> Task goal
The word "from" may appear in lines of the data below. Say how many lines hold it, giving only the number.

Segment Open

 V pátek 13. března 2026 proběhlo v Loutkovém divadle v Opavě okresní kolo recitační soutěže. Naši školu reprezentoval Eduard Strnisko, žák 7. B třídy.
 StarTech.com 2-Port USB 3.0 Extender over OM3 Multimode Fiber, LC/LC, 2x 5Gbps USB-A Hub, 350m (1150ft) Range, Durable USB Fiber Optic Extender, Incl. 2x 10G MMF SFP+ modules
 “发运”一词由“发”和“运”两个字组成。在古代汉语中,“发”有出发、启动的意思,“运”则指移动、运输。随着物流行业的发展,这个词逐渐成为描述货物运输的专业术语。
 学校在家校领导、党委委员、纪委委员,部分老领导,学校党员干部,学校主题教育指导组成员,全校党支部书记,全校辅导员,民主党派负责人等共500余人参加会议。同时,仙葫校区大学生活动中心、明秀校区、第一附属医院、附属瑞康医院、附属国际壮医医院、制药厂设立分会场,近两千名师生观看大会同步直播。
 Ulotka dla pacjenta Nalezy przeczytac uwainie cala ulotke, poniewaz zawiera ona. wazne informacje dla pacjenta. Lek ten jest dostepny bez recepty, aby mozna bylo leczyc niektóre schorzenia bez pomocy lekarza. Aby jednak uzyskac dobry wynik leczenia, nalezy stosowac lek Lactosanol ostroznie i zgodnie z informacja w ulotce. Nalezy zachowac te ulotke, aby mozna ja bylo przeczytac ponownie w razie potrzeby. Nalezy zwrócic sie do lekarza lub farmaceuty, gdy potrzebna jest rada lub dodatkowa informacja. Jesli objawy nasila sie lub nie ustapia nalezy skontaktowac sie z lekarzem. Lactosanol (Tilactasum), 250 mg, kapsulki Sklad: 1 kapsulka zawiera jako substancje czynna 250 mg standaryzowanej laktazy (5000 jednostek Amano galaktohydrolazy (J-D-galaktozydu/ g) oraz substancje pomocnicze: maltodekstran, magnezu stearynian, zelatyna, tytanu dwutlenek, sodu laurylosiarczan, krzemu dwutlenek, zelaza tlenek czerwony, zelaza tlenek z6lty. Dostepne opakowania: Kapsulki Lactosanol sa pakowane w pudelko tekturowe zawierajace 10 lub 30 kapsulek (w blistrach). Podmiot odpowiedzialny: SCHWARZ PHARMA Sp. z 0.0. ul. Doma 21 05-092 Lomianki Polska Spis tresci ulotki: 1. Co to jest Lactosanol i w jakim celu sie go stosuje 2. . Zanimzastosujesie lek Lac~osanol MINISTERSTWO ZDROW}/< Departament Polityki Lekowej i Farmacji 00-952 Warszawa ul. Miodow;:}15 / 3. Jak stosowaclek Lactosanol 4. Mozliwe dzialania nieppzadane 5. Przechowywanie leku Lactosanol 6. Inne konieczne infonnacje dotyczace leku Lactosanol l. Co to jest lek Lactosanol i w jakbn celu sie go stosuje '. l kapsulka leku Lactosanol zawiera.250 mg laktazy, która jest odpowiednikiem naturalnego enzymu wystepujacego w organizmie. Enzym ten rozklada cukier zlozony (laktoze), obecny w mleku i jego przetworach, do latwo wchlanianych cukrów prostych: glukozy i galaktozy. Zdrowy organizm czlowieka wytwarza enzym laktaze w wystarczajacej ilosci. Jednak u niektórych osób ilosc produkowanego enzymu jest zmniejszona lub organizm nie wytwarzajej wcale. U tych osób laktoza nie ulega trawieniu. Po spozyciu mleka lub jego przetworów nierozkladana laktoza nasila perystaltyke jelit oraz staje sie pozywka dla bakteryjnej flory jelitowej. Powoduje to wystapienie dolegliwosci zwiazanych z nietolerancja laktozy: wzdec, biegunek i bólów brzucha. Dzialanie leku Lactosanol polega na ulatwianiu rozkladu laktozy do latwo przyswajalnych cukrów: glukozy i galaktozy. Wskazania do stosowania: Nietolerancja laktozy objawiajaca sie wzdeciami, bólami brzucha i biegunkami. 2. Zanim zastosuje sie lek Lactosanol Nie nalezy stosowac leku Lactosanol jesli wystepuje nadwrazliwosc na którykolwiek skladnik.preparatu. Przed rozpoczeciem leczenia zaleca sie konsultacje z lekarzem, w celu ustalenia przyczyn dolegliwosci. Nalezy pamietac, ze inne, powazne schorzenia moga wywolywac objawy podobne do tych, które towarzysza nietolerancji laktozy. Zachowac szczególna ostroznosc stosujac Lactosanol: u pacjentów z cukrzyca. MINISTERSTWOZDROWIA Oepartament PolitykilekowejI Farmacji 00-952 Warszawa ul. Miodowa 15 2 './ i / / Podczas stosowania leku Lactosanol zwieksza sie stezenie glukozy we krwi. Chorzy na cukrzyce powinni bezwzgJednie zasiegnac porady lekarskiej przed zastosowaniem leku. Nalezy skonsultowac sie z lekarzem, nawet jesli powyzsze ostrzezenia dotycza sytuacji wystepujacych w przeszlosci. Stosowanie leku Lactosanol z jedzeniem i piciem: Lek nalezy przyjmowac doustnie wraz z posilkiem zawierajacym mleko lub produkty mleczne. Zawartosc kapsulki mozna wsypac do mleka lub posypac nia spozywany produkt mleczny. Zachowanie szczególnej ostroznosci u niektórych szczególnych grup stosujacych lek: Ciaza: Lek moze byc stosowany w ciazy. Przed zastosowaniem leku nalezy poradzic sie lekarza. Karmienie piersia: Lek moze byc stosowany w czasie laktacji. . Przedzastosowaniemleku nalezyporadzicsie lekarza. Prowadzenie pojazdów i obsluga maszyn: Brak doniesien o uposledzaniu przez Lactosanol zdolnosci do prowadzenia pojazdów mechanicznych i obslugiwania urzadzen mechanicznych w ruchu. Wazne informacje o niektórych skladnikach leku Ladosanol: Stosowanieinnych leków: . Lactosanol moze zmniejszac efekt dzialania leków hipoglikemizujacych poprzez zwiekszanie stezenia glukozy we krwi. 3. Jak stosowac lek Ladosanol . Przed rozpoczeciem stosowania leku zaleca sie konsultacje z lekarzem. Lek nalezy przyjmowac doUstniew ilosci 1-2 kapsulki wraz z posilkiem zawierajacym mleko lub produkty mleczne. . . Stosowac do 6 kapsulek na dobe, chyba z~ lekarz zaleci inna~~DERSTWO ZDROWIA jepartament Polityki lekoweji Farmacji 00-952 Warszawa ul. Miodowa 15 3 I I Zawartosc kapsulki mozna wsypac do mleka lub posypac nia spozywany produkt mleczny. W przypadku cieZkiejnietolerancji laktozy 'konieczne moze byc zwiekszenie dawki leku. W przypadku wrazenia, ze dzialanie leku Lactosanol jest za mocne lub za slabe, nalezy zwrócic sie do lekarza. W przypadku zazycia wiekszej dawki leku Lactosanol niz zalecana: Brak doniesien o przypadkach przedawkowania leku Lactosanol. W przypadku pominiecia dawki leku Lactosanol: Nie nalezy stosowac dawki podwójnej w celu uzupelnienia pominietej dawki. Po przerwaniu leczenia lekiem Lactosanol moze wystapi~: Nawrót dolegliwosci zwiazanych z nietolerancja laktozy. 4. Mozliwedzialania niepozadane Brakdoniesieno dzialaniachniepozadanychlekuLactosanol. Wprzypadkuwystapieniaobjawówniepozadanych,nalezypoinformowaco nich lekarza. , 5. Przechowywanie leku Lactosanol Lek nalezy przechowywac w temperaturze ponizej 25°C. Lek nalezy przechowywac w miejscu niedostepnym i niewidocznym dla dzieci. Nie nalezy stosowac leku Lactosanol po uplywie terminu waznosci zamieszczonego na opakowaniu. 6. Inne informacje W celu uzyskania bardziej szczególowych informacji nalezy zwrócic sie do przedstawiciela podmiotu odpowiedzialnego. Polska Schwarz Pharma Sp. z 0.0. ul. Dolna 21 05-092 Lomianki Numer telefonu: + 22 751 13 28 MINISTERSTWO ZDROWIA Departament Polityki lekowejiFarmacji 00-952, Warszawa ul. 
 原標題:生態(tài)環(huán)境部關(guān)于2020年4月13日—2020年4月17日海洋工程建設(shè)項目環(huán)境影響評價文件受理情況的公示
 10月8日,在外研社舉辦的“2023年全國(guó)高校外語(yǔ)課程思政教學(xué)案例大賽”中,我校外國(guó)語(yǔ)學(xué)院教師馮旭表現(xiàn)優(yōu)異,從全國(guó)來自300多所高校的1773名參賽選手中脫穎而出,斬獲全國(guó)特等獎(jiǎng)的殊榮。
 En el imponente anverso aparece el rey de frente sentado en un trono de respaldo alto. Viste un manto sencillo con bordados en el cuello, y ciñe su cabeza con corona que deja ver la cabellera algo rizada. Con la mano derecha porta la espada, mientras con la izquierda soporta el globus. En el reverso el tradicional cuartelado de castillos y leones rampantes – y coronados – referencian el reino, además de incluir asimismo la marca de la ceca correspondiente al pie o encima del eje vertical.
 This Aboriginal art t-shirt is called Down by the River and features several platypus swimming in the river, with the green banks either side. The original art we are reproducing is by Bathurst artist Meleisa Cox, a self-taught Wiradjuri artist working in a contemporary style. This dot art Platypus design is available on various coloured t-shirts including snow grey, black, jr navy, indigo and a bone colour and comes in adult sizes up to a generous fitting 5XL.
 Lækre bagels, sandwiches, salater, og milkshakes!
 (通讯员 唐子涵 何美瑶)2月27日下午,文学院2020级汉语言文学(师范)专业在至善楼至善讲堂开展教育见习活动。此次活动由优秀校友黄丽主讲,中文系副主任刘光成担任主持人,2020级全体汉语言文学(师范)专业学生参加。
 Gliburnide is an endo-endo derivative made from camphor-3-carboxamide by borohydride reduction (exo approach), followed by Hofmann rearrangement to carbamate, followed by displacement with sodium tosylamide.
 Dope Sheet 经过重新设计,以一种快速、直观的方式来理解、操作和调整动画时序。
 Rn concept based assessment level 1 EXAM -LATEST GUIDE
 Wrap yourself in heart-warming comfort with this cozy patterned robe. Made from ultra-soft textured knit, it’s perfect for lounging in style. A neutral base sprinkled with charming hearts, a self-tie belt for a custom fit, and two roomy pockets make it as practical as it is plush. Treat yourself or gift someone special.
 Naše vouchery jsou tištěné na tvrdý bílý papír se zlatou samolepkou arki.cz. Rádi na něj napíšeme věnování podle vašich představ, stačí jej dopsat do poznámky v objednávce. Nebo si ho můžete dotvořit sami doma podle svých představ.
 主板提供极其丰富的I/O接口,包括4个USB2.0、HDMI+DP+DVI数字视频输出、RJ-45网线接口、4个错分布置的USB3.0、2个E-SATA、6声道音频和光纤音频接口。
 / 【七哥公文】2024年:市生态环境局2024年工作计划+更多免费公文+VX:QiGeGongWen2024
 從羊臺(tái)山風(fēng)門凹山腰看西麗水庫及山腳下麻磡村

Segment Closed

> Solved exercise
2